I discovered the work of Chicago-based artist Heidi Norton via EBERSMOORE, and became an instant fan of her unique installation-based approach to photography and sculpture. Norton frequently uses living plants as a sculptural element, encasing them in layers of colored wax in conjunction alongside other studio ephemera. I sent her a few questions about her processes and approach via email, and here is what she had to say.
I think I am more interested in man's relationship to these materials versus man's interventions with them. The symbiotic relationship--a reciprocal relationship-- is what intrigues me. For example, the bee's reliance on man to help maintain their hives and the product man receives from this maintenance. My parents were beekeepers and I often assisted them as a child, learning this relationship from a young age. In order to reap the benefits of domestic plants, you must care for them. In Controlled Environments, there is an installation of shelves that are exact recreations of my windows of my studio. Here you can see plants in varying stages of life. Beside plants, there are objects, detritus, and remnants; collections that either reference these relationships or are products thereof.
Last summer I was given a queen bee cage, which looks more like a coffin for a queen bee. When making a beehive, one must introduce the queen bee, as she has not been raised with the collection of worker bees. One side of her cage/coffin has been drilled out and filled with "bee candy". As the worker bees are exposed to her pheromones, they chew through her bee candy plug. Once the plug is chewed through, she can escape and live in harmony with the other bees.
Another example of this was over the summer while making work that is currently on view in Chicago at Johalla Projects, Reasons to Cut into the Earth; I had trapped a butterfly in the hot wax that I was pouring into holes that I had dug as molds. I felt guilty that the butterfly died in my art, but liked the way it became the trophy of the piece. The next morning I had found that a community of ants had eaten out the inside of the butterfly. With that my guilt subsided--one organism contributed to the life of another.
Yes, I love plants. My apartment has a sunroom and is filled with live and lush ones. And it is weird how I refuse to ever use any of "those" plants in my work. When I first began using plants, as material in my work, there was a process of detachment that I had to become accustomed to. If I buy the plants from my local mom-and-pop's shop I have a harder time exposing them to a possible death. If I buy them from Home Depot, I convince myself that I am "saving" them from a corporate life by incorporating them into an art piece. I sound crazy, telling you how my psyche works in justify the life and death of the plants, but I think it's important. This work is much more about the cyclical elements of nature, than it is about maintaining a life. The goal is always to keep the plant alive, the butterfly alive, the queen bee alive, but ultimately all of their lives fall to something bigger. I am interested in taking these live things and introducing them to materials that simultaneously preserve, simulate life, and/or kill them. When the work passes through all of the stages within this cycle, then it is successful.

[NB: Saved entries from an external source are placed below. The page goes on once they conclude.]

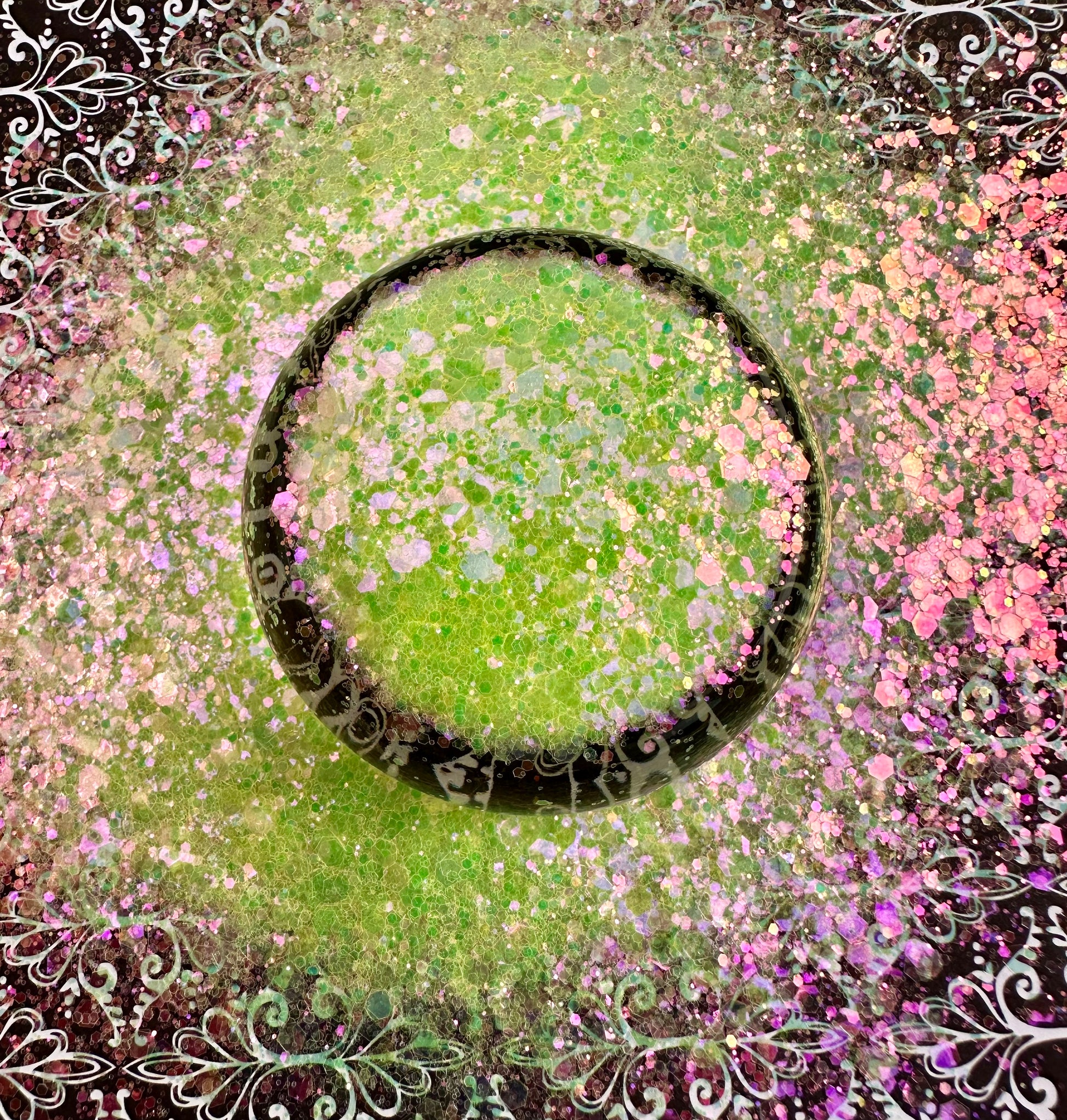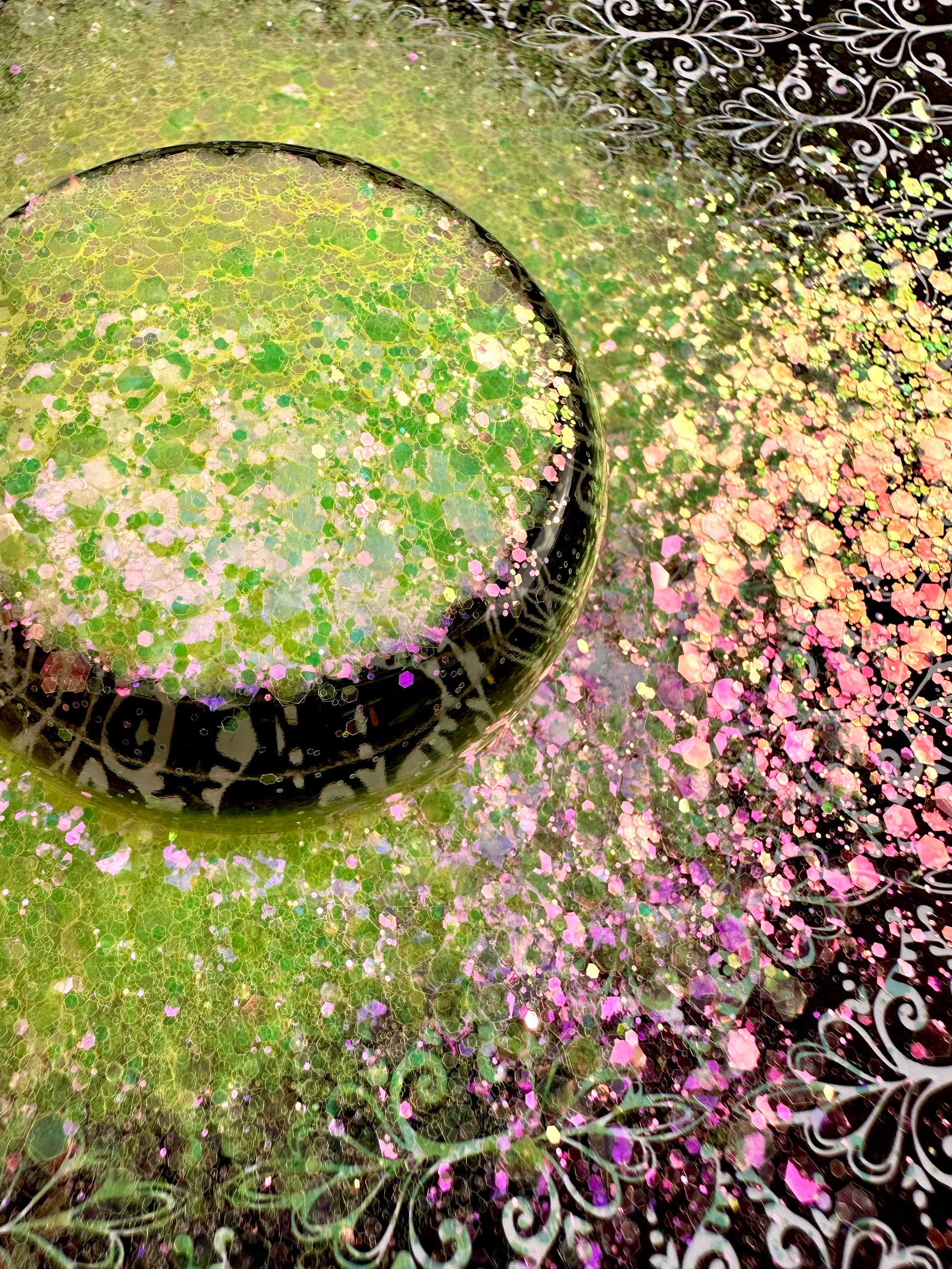 Rhapsody 2.0. Bright yellow chunky mix with a pink iridescence on dark surfaces.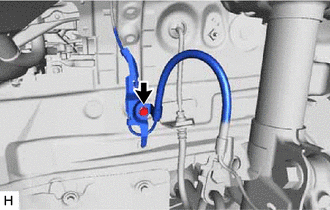 | (e) Remove the bolt and separate the front flexible hose and sensor clamp. | |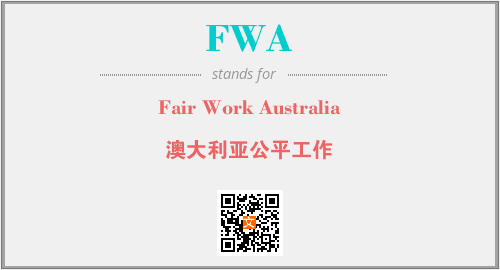 英文缩略词“FWA”经常作为“Fair Work Australia”的英文缩写来使用,中文表示:“澳大利亚公平工作”。本文将详细介绍英文缩写词FWA所代表英文单词,其对应的中文拼音、详细解释以及在英语中的流行度。此外,还有关于缩略词FWA的分类、应用领域及相关应用示例等。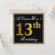 Elegant, Black, Faux Gold 13th Birthday + Name Invitation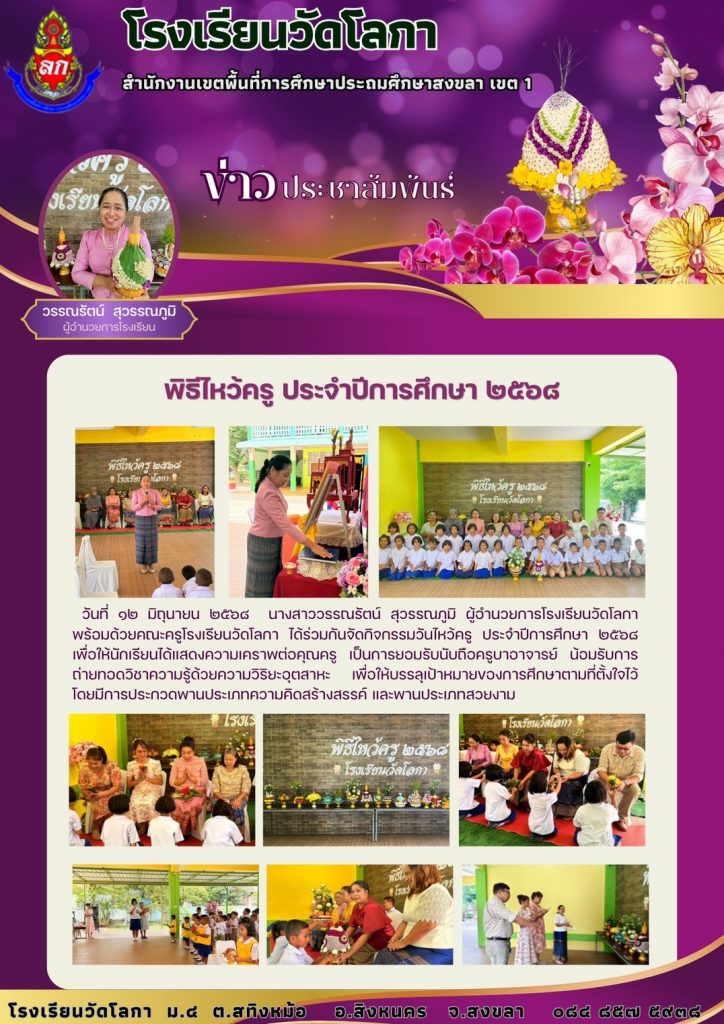 วันที่ 12 มิถุนายน 2568 นางสาววรรณรัตน์สุวรรณภูมิ ผู้อำนวยการโรงเรียนวัดโลกาพร้อมด้วยคณะครูโรงเรียนวัดโลกา ได้ร่วมกันจัดกิจกรรมไหว้ครู ประจำปีการศึกษา 2568 เพื่อให้นักเรียนแสดงความเคารพต่อครูผู้ถ่ายทอดวิชาความรุ้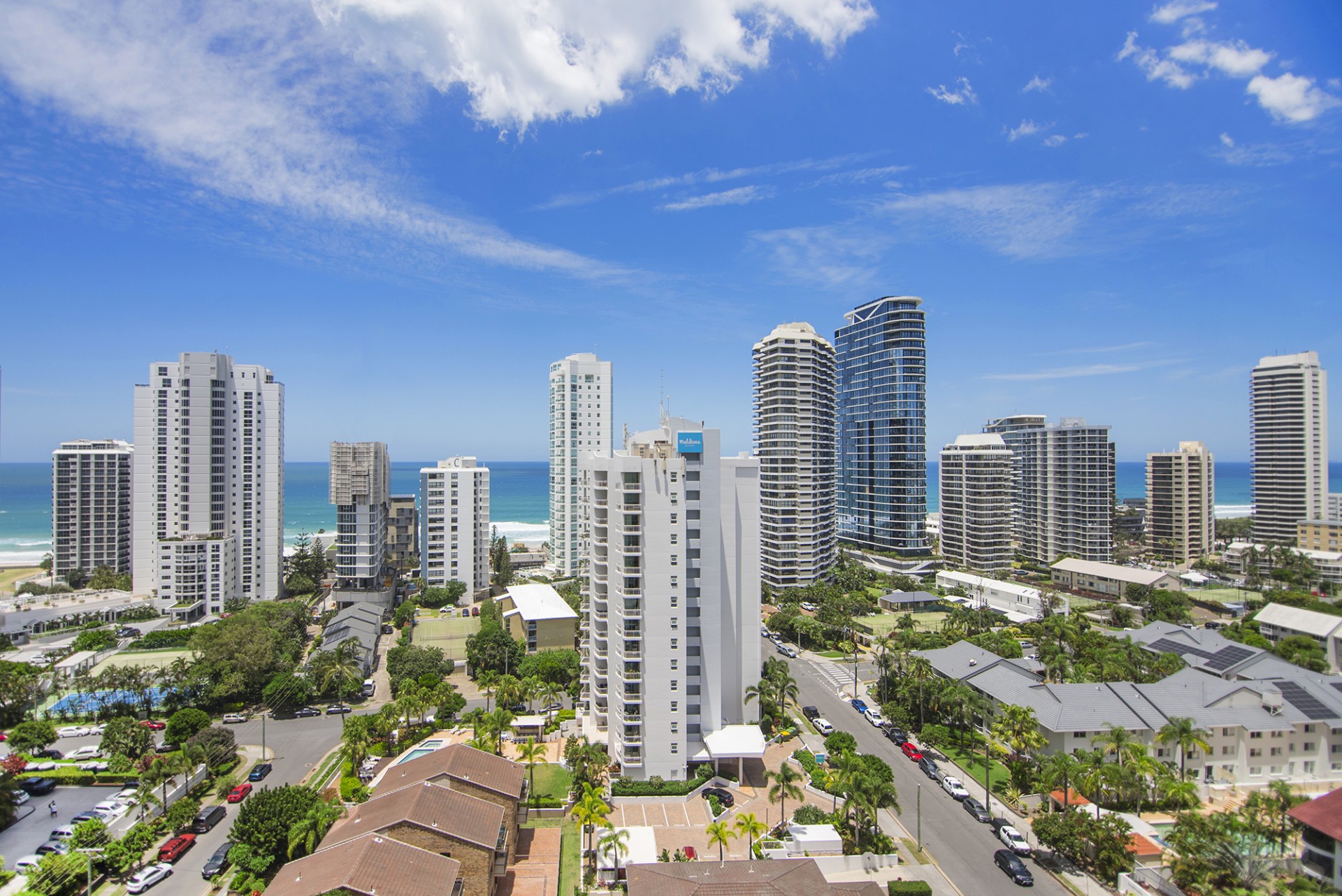 Beautiful Tedder Avenue, the retail precinct of Main Beach and a mecca of restaurants, is a three minute walk West. Walk a further five minutes to the Nerang River. A five minute walk East and you on the edge of the Pacific Ocean on one of the iconic patrolled beaches the Gold Coast is famous for. Just a five minute drive North West to Southport is a major business and retail mecca of the Gold Coast. In less than ten minutes you can drive to the Northern end of the Spit. There you can see boating craft of all sizes as they traverse from the sheltered waters of the Nerang River to and from the ocean. While there slip in to the Seaway Kiosk, have a picnic, walk to the end of the Seaway or watch water activities or migrating whales.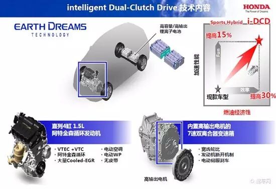 本田这三套系统可依据不同车型进行搭载。用于低端车型,使用一颗电机的i-DCD(Intelligent Dual Clutch Drive,智能双离合驱动)系统,动力系统是由1.5L阿特金森循环发动机和集成电动机的7挡双离合变速箱组成的,目前主要搭载在飞度的混动版。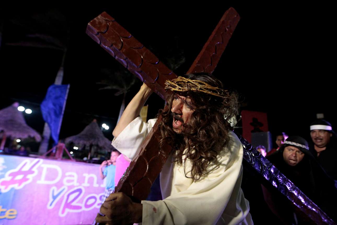 Πιστοί σε λιτανεία το βράδυ του Μεγάλου Σαββάτου στους δρόμους του Ναχουσάλκο του Ελ Σαλβαντόρ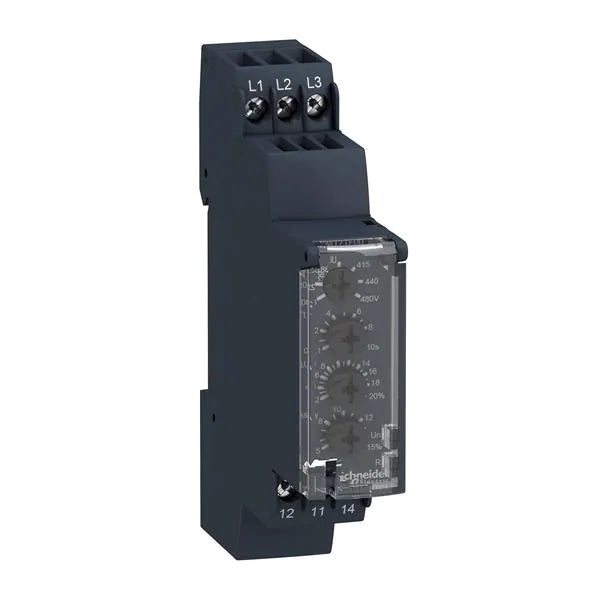 NUEVO. Relé de control y supervisión de fuente de alimentación trifásica Schneider Electric serie RM17TE00. Control de la secuencia de fases correcta L1, L2, L3 y pérdida total de una o más de cada fase. En caso de un fallo de falta de fase o secuencia de fase, el relé se abre instantáneamente. En caso de fallo de tensión, el relé se abre al final del retardo establecido. Nuevo con instrucciones y esquema montaje en caja neutral Schneider. Cubierta frontal con bisagra transparente. Potenciómetro frontal. Estado de salida de LED. Carril DIN.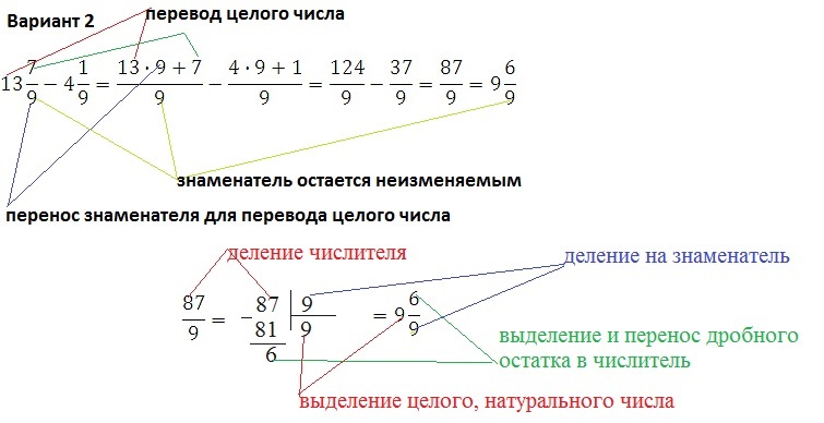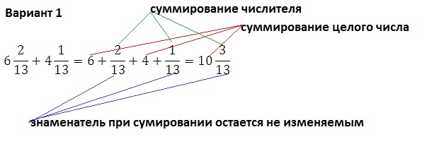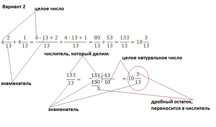 При решении заданий можно перевести число в неправильную дробь, затем суммировать. Завершающим этапом станет выделение целого числа и остатка.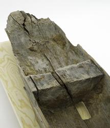 På båten en frakgodslapp med text; Från Kristineberg gård, Rosenfors station. Till Kalmar läns Fornminnesförening intendent M. Hofrén Kalmar.
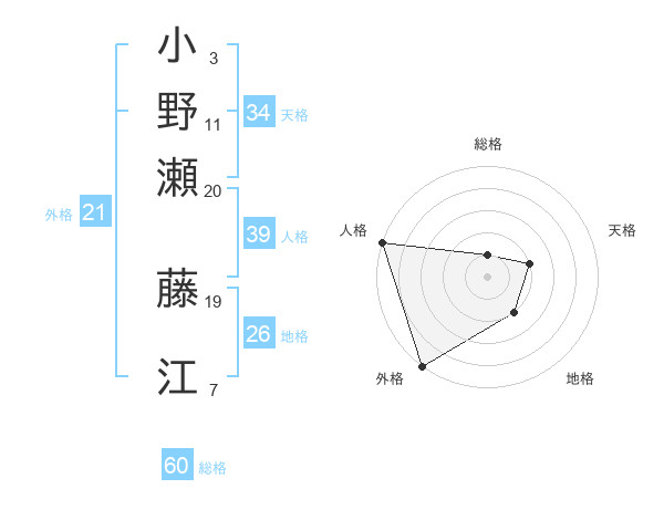 小野瀬 藤江さんを姓名の画数から五運を鑑定

I don't see it as political work, although I am not opposed to people viewing it that way. It is much more about a quiet moment for me than something large, though I do think that domestic houseplants could represent man's exploitation/disrespect for the environment just as much as an endangered animal. Plants are exterior creatures; they belong in nature--outside where there are plentiful amounts of water and sun. They only become "domestic" when they are placed inside.
In regards to the personal relationship-- when this art object exchanges hands, I'm no longer in control of it. There is a certain amount of anxiety that I experience when it enters into arts' hands. I am passing an object with a living organism onto someone else and it is now up to them to "maintain" the art—its aesthetics, intent and evolution is now in their hands. My work comes with care instructions and disclaimers, "there are no refunds for dead plants."
The images are as much about the stillness and moment as they are about recording and referencing a passing of time. You are right, the intent is very much executed through traces and paths of light, plants' life and death- their state of being, drips of materials- wax, paint. But ultimately these are "still lives" and that is interesting to me in their connection to painting via history, but also in that they look like paintings (vs. a photograph).
A lot of my images are also about a visceral movement, or at least confusing the eye. Is the plant alive or dead, where do the objects exist in space, what's in front of the objects, what's a plant and what's a stencil, is it a photograph or a painting? That disruption, like the death or decay of the plant as a disruption, is what adds tension.
Yes, because with my work the "freezing" or "fixing" of an image is similar to the same ideas of preserving or pressing plants to glass or embedding plants into wax. Light is the determining factor in both cases. These two mediums activate one another. The image also has the ability to provide viewer with a frozen state- a glimpse of the past.
Presently, I am working on preparing a solo exhibition as part of the BMO Harris Bank Chicago Works series at the Museum of Contemporary Art in Chicago. It opens August 7th, 2012. Guess what it will involve? Plants!